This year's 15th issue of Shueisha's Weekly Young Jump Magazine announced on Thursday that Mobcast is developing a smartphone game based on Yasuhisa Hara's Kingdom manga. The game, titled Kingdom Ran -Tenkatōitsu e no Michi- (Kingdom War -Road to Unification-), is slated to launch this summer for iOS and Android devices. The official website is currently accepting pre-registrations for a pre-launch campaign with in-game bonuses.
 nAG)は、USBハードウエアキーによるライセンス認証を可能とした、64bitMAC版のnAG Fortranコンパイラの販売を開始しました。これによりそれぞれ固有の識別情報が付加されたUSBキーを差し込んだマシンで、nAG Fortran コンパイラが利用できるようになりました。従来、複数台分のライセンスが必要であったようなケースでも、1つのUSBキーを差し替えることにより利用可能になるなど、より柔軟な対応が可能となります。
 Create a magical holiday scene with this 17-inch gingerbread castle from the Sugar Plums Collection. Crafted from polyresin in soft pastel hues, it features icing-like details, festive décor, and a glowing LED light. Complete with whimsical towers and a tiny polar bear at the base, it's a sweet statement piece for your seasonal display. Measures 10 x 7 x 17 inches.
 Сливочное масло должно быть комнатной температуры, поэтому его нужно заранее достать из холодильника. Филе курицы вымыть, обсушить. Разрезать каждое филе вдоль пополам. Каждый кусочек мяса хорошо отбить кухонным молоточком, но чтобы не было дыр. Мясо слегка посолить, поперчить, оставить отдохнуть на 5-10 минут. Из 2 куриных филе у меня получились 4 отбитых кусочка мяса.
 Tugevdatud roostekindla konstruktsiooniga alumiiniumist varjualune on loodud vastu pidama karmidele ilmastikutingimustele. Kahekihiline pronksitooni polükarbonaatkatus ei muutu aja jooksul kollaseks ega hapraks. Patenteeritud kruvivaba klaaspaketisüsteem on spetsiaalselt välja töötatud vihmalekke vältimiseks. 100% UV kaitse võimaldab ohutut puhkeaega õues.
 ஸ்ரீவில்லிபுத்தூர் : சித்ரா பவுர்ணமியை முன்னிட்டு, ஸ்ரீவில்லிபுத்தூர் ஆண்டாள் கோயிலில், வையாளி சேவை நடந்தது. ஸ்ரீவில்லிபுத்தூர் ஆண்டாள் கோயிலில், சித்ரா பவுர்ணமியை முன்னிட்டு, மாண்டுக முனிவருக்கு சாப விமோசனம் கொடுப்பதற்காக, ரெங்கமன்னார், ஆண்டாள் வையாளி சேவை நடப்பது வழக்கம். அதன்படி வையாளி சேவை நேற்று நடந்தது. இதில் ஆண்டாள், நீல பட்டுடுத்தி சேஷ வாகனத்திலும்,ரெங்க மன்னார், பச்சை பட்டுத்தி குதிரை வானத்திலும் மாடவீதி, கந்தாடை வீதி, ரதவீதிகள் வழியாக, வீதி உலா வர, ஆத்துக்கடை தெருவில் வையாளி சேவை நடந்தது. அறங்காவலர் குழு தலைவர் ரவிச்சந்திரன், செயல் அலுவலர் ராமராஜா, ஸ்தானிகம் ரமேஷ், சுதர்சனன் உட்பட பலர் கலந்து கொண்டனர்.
*****
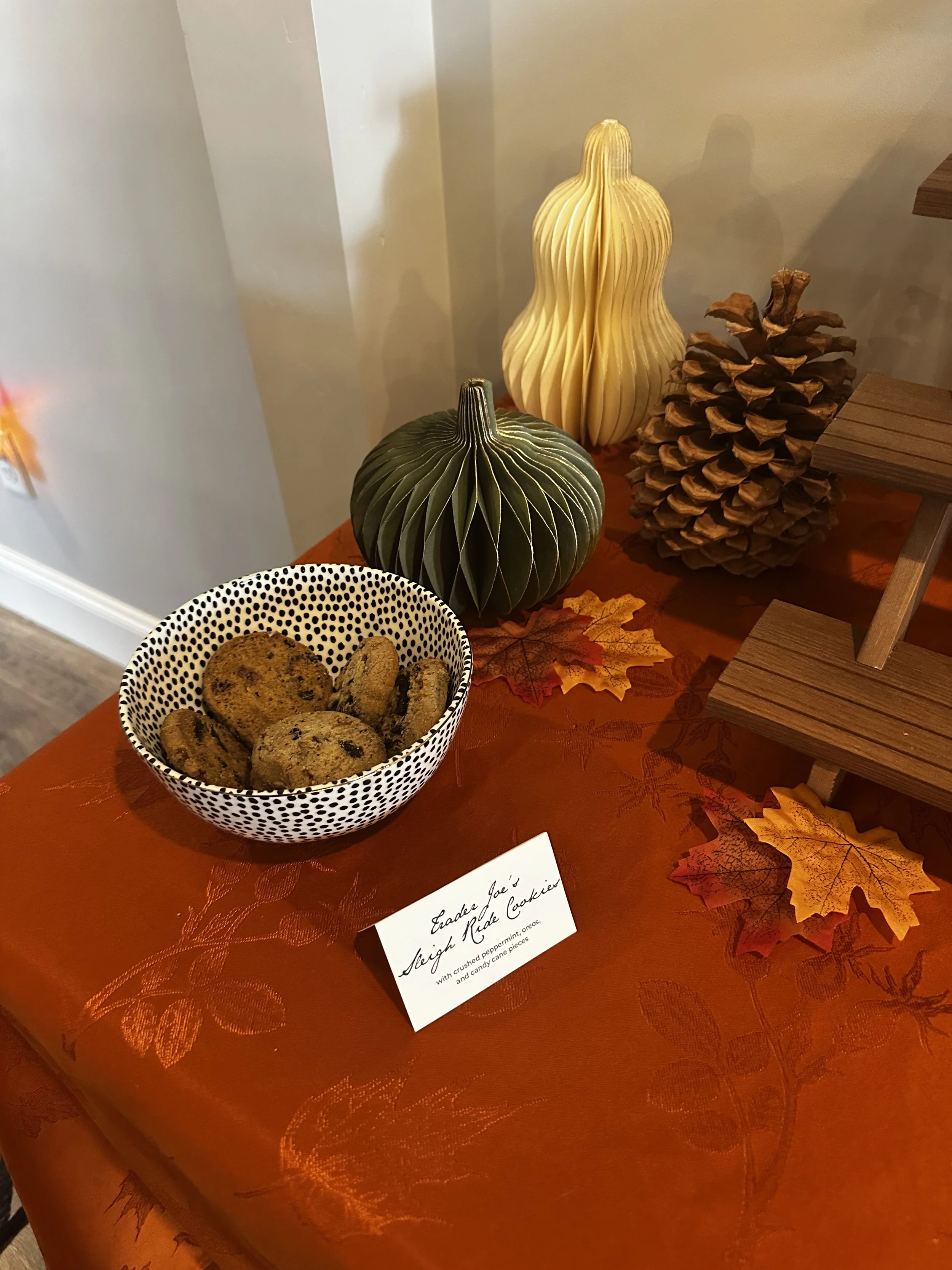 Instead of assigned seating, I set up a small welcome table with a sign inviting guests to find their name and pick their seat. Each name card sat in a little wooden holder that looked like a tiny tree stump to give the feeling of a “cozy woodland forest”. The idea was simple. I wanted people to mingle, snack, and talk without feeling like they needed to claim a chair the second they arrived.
*****
◆ **Work instruction**
Begin with the line above that has "Сливочное масло должно" and continue through the line that has "ஸ்ரீவில்லிபுத்தூர் : சித்ரா", setting each one down exactly. Stop there.

◆ **Exercise result**
 Сливочное масло должно быть комнатной температуры, поэтому его нужно заранее достать из холодильника. Филе курицы вымыть, обсушить. Разрезать каждое филе вдоль пополам. Каждый кусочек мяса хорошо отбить кухонным молоточком, но чтобы не было дыр. Мясо слегка посолить, поперчить, оставить отдохнуть на 5-10 минут. Из 2 куриных филе у меня получились 4 отбитых кусочка мяса.
 Tugevdatud roostekindla konstruktsiooniga alumiiniumist varjualune on loodud vastu pidama karmidele ilmastikutingimustele. Kahekihiline pronksitooni polükarbonaatkatus ei muutu aja jooksul kollaseks ega hapraks. Patenteeritud kruvivaba klaaspaketisüsteem on spetsiaalselt välja töötatud vihmalekke vältimiseks. 100% UV kaitse võimaldab ohutut puhkeaega õues.
 ஸ்ரீவில்லிபுத்தூர் : சித்ரா பவுர்ணமியை முன்னிட்டு, ஸ்ரீவில்லிபுத்தூர் ஆண்டாள் கோயிலில், வையாளி சேவை நடந்தது. ஸ்ரீவில்லிபுத்தூர் ஆண்டாள் கோயிலில், சித்ரா பவுர்ணமியை முன்னிட்டு, மாண்டுக முனிவருக்கு சாப விமோசனம் கொடுப்பதற்காக, ரெங்கமன்னார், ஆண்டாள் வையாளி சேவை நடப்பது வழக்கம். அதன்படி வையாளி சேவை நேற்று நடந்தது. இதில் ஆண்டாள், நீல பட்டுடுத்தி சேஷ வாகனத்திலும்,ரெங்க மன்னார், பச்சை பட்டுத்தி குதிரை வானத்திலும் மாடவீதி, கந்தாடை வீதி, ரதவீதிகள் வழியாக, வீதி உலா வர, ஆத்துக்கடை தெருவில் வையாளி சேவை நடந்தது. அறங்காவலர் குழு தலைவர் ரவிச்சந்திரன், செயல் அலுவலர் ராமராஜா, ஸ்தானிகம் ரமேஷ், சுதர்சனன் உட்பட பலர் கலந்து கொண்டனர்.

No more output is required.